A lot has happened in the past month. Too much for my little brain to be able to eloquently put into words.
I got to see my Dad during my break. That was wonderful but at the same time I am wondering why he didn't really want to come stay with me at my place and instead stayed with his sister the whole time. That kind of sucked.
I saw my grand father die on the fourth of July.
We are taking care of a Chihuahua our neighbors found. I feel I am getting a taste of mother hood here. Just a taste.
I found a kitten with a busted leg. Took it to a rescue place.
Its the 5th week of school and I am so behind because all of this happened sequentially.
But I don't want to talk about any of that stuff.Not at this moment anyways.
See, I am less than two weeks shy of turning 24. 24. YES...24. It feels so strange. I told my mother today that I feel as if I am going through a quarter life crisis. She told me she felt the same way at about 20-21 years of age but largely due to the fact that she had me at 17.
I can't really explain the feeling. Its not a thought that keeps recurring over and over in my head. Its just a feeling of unaccomplishment and unfulfilledness. Like a hollowness. As if their is a void. As life gets more and more different every year. Less fun. You see your friends less. Now I see my family less. I feel a bit of detachment. Some where I am stuck in the middle on my way to adulthood but not too fargone from childhood.
I know I am not alone in this boat. As I've chuckled a few times as I've seen other fellow Facebook friends from high school post about feelings running in the same vein.
I had put my laptop away when I recieved a text from my dear friend Ana. Mind you, it was 12:45am.

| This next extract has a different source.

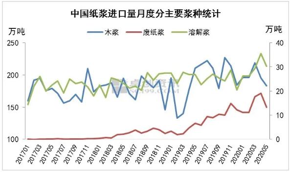 據海關數據顯示,2018年廢紙漿進口量29萬噸,同比增加2371%;2019年進口廢紙漿量91萬噸,同比增加209%;2020年前5個月進口量73萬噸,較2019年前5個月廢紙漿進口量同比增加280%,已經占到2019年總進口量80%,前5個月廢紙漿的進口量占紙漿進口總量的6%,較去年同期占比增加4.09個百分點。預計2020年廢紙漿進口量持續增加,有望增加至200萬噸。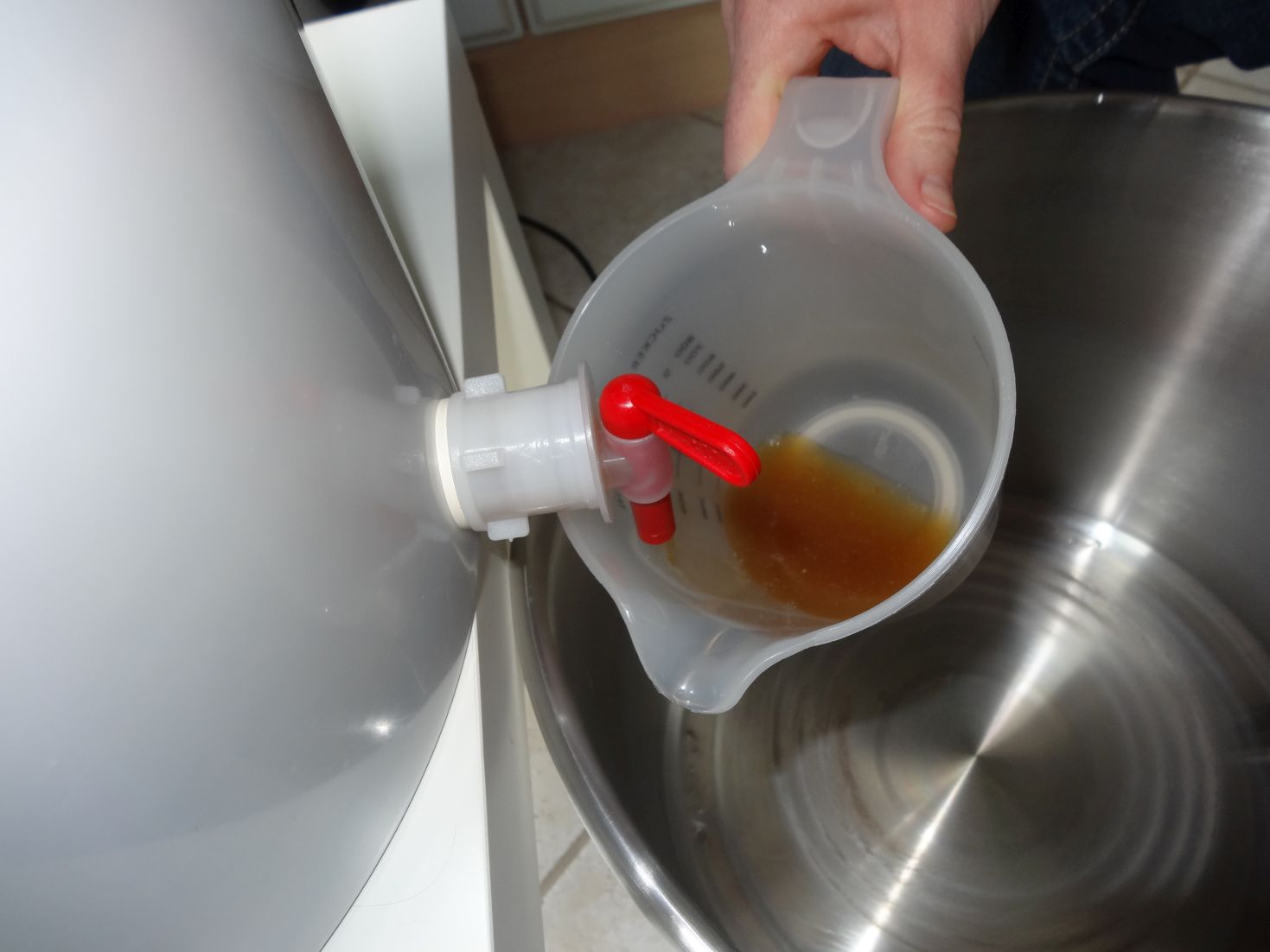 So, dann schon mal spasseshalber die Vorderwürze gespindelt, umgerechnet 16,28°P, aber es kommen ja noch ein paar Liter Nachguss.

Ana: "Hi Friend...U Sleeping?"
Me: "No lol still a night owl"
Ana: "Me too. I couldn't sleep so I'm driving around.:) I just drove past ur old houseand both of our old schools...time goes by too f-ing fast! : ( I am freaking out. I'm having a breakdown too! I feel like I'm not doing enough for all the time that's passing!"

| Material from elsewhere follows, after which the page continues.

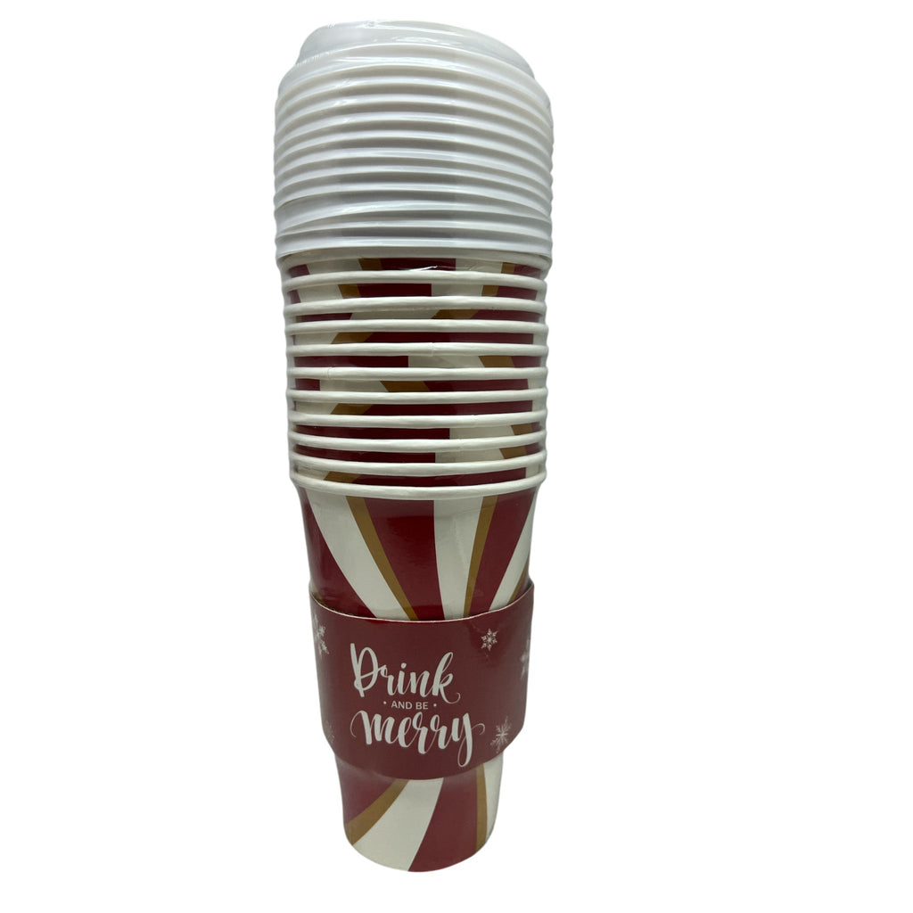 Get into the festive spirit with our Drink & Be Merry Hot Cups Set! These charming cups feature a striking red and cream design, adorned with the cheerful phrase “Drink and Be Merry.” Perfect for serving a warm cup of coffee, creamy eggnog, or spiced apple cider, this set includes 12 cups, each with a lid and sleeve for an all-around warm and cozy experience. At 16 ounces, they are perfectly sized to hold your favorite holiday treats and are sure to uplift the mood of your gathering.

I can see she too has the same feeling of unfulfilledness and unaccomplishment. I wonder if its a biological timer that goes off in our brain. Ding, ding, ding! Time to feel sorry for yourself! You are getting "old"
When in all reality we are not old and that is not the main complaint here at all. But this feeling is hard to kick and I've been giving myself mini pep talks that sometimes help and other times don't.
Growing up is hard to do!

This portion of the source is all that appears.